3.2 AEE: tecnologia de governamento

Vocês têm na sociedade uma categoria de indivíduos que, seja a título definitivo, por serem idosos ou deficientes, seja a título provisório, por terem perdido o emprego, por serem desempregados, não podem alcançar um certo patamar de consumo que a sociedade considera decente. Pois bem, é para eles e em favor deles exclusivamente que se deveria atribuir o que constitui os benefícios compensatórios, os benefícios de cobertura característicos de uma política social (FOUCAULT, 2008b, p. 280).

Ao deixar de lado o olhar naturalizado sobre as políticas públicas educacionais especiais e partir para o contexto legal das suas práticas, percebe-se uma influência significativa de movimentos e de organismos nacionais e internacionais sobre o investimento nas possibilidades de educação para “todos”.

Podemos dizer que, para a efetivação desse direito de educação no âmbito educacional regular, foi necessário um investimento por parte do Estado no contexto social, político e econômico da escola.

Ao assegurar uma formação educacional de qualidade à população de

“anormais” intentou-se também para o investimento de políticas neoliberais. Afinal ao celebrarmos a diferença estamos celebrando, juntamente, a lógica empresarial, partindo de relações pedagógicas para alcançar as relações econômicas e, é neste cenário político que cada aluno, cada professor e cada gestor empresaria sua própria ação, sua conduta a fim de entrar e participar do jogo econômico disponibilizado pelas práticas pedagógicas inclusivas.

Na racionalidade neoliberal, todos são chamados a participar das suas engrenagens econômicas e políticas, sendo cada um instrumento produtor do jogo inclusivo. Dessa maneira, o AEE possibilita estratégias educacionais para a inclusão de “todos” nesta lógica.

Os saberes promovidos e os poderes investidos sobre a criança com deficiência nos últimos tempos reforçou a implantação de práticas pedagógicas específicas em posição de emergência, operando sobre uma rede discursiva que integra o AEE como uma prática educacional contemporânea nas escolas regulares.

Tais manobras educacionais não livram o aluno “anormal” da zona do desvio, mas traveste a educação especial, de forma que ela se mantenha viva nas práticas escolares regulares.

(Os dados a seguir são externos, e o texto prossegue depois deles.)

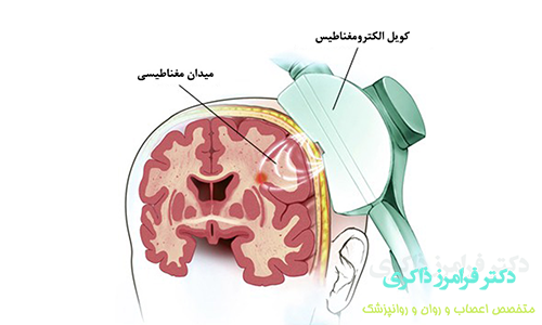در ابتدای درمان به دلیل این که این دستگاه با وارد کردن پالس های مغناطیسی کار خودرا انجام می دهد از قرد درخواست می شود در صورت همراه داشتن وسایل فلزی، آن ها را از خود جدا کند. همچنین ممکن است در صورتی که صدای دستگاه بیمار را اذیت می کند از گوش گیر استفاده شود. پیش از شروع به درمان ابتدا پزشک با معاینه ی دقیق، محل درد و محل قرار گیری سیم پیچ و آهنربا را تعیین می کند و با توجه به شدت بیماری دوز مناسب را انتخاب می نماید.  بنابراین جلسه اول درمان فقط برای انجام معاینه و تعیین محل قرار گیری آهنربا و فیکس کردن دوز مخصوص درمان می باشد. پس از تعیید موارد ذکر شده پزشک پالس های کوتاهی را به مغز وارد می کند تا آستانه حرکت بیمار را تعیین نماید. پس از عبو از این مرحله و تعیین موارد ذکر شده بیمار روی صندلی قرار می گیرد و سیم پیچ ها روی سر او نصب می شوند. سپس دستگاه را راه اندازی کرده و دستگاه به طور منظم روشن و خاموش می شود و پالس های تاثیرگذاری را به مغز وارد می کند. در طول درمان بیمار فقط متوجه صدای کلیک از دستگاه شده و در زیر سیم پیچ ها احساس وارد شدن ضربه های آرام می کند. زمان درمان معمولا 40 دقیقه می باشد و نیازی به هیچگونه بیهوشی و بی حسی نمی باشد.

Neste sentido, o AEE se sustenta enquanto modalidade pedagógica que trata de mecanismos disciplinares os quais estabelecem a norma, reconhecendo a composição e os efeitos que são produzidos por esta norma.

Sendo então o AEE a nova roupagem da educação especial nos espaços escolares, há a permanência da constituição de sujeitos do desvio, porém agora articulados com novas leis e novas formas de materializar os alunos deficientes no movimento in/exclusivo.

O Atendimento Educacional Especializado é “compreendido como o conjunto de atividades, recursos de acessibilidade e pedagógicos, organizados institucional e continuamente” (BRASIL, 2011, p. 2), esse serviço é previsto pela Política Nacional de Educação Especial na Perspectiva da Educação Inclusiva desde 2008 e descrito no Decreto 7.611 de 17 de novembro de 2011, devendo ser “prestado das seguintes formas: I – complementar à formação dos estudantes com deficiência, transtornos globais do desenvolvimento (...), II – suplementar à formação de estudantes com altas habilidades ou superdotação” (BRASIL, 2011, p. 2).

A escola regular como lócus de “acolhimento” de alunos público alvo das ações inclusivas necessita de formulações discursivas que determinem atuações pedagógicas também inclusivas. Nesse sentido, o AEE também implanta mecanismos de controle para gerenciar e regular o aluno no seu processo escolar, com isso, ainda há uma responsabilização da educação especial com relação à educação inclusiva, pois ela “se realiza em todos os níveis, etapas e modalidades de ensino, tendo o AEE como parte integrante do processo educacional” (BRASIL, 2009, p. 1).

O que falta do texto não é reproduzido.